[[ STUDY MATERIAL, beginning ]]
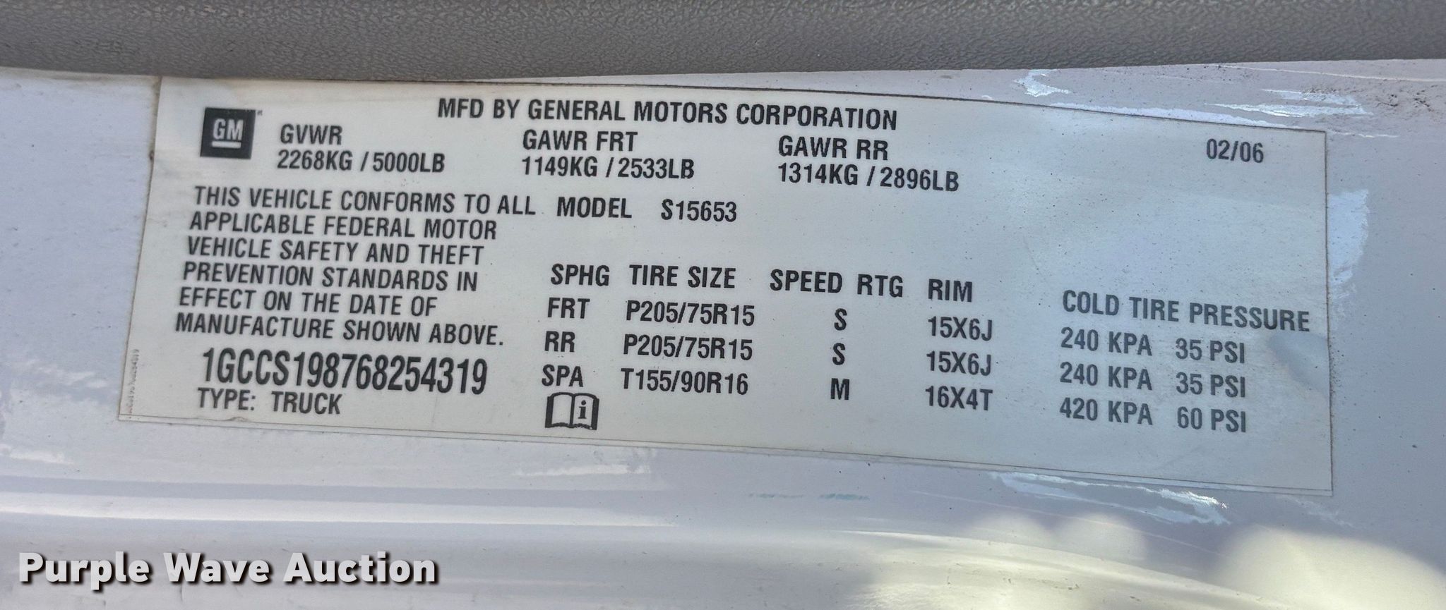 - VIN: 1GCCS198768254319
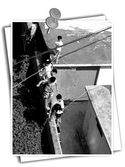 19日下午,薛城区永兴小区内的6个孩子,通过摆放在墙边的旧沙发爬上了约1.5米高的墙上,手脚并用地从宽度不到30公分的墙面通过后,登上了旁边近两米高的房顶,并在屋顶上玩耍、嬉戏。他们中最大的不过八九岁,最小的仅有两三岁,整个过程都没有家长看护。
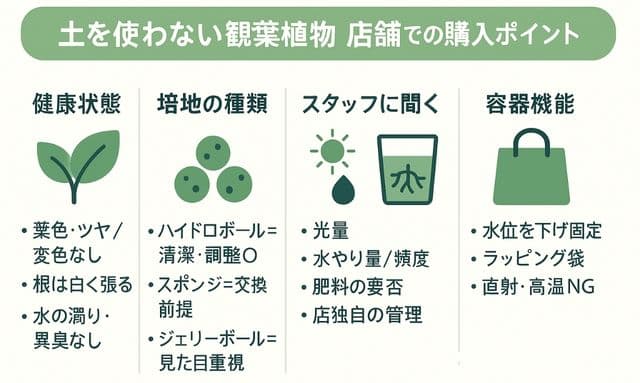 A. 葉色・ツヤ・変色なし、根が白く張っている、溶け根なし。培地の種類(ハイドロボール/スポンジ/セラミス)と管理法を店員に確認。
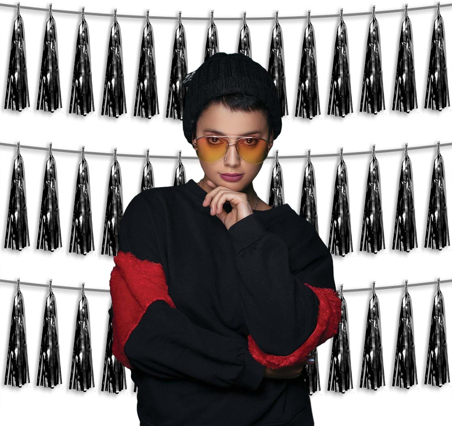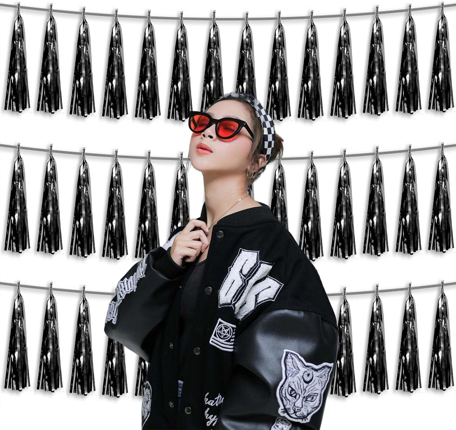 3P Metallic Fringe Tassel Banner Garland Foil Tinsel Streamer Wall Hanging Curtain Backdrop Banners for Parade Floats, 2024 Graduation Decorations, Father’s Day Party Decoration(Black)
[[ STUDY MATERIAL, end ]]
[[ STUDY MATERIAL, beginning ]]
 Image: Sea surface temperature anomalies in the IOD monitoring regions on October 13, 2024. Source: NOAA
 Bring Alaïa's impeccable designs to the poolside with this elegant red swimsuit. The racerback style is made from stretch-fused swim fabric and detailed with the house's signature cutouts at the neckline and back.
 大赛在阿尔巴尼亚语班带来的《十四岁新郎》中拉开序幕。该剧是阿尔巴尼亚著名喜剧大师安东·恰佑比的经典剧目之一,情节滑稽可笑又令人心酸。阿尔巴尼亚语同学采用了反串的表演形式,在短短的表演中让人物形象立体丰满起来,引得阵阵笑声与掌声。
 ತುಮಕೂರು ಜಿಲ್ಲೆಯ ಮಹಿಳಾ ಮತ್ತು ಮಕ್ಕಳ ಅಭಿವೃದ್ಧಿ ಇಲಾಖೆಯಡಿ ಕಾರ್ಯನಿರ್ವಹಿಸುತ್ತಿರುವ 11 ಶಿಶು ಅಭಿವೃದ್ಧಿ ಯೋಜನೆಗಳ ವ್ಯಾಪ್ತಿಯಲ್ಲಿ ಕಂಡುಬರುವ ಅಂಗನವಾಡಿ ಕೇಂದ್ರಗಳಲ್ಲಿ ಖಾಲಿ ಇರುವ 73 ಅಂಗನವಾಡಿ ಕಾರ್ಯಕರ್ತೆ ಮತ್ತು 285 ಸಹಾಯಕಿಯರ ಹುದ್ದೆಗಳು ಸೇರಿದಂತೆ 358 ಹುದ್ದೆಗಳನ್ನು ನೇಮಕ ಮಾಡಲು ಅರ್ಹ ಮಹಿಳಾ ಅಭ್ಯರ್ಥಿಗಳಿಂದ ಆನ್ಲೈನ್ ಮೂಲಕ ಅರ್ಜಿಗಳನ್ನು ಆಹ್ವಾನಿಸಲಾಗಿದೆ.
[[ STUDY MATERIAL, end ]]
§ EXERCISE INSTRUCTIONS
Find where the line with "- VIN: 1GCCS198768254319" sits in the material above and where the line with "A. 葉色・ツヤ・変色なし、" sits. Set down exactly the lines from the first to the second, both included and nothing else, without pictures.

§ WRITTEN RESPONSE
 - VIN: 1GCCS198768254319
 19日下午,薛城区永兴小区内的6个孩子,通过摆放在墙边的旧沙发爬上了约1.5米高的墙上,手脚并用地从宽度不到30公分的墙面通过后,登上了旁边近两米高的房顶,并在屋顶上玩耍、嬉戏。他们中最大的不过八九岁,最小的仅有两三岁,整个过程都没有家长看护。
 A. 葉色・ツヤ・変色なし、根が白く張っている、溶け根なし。培地の種類(ハイドロボール/スポンジ/セラミス)と管理法を店員に確認。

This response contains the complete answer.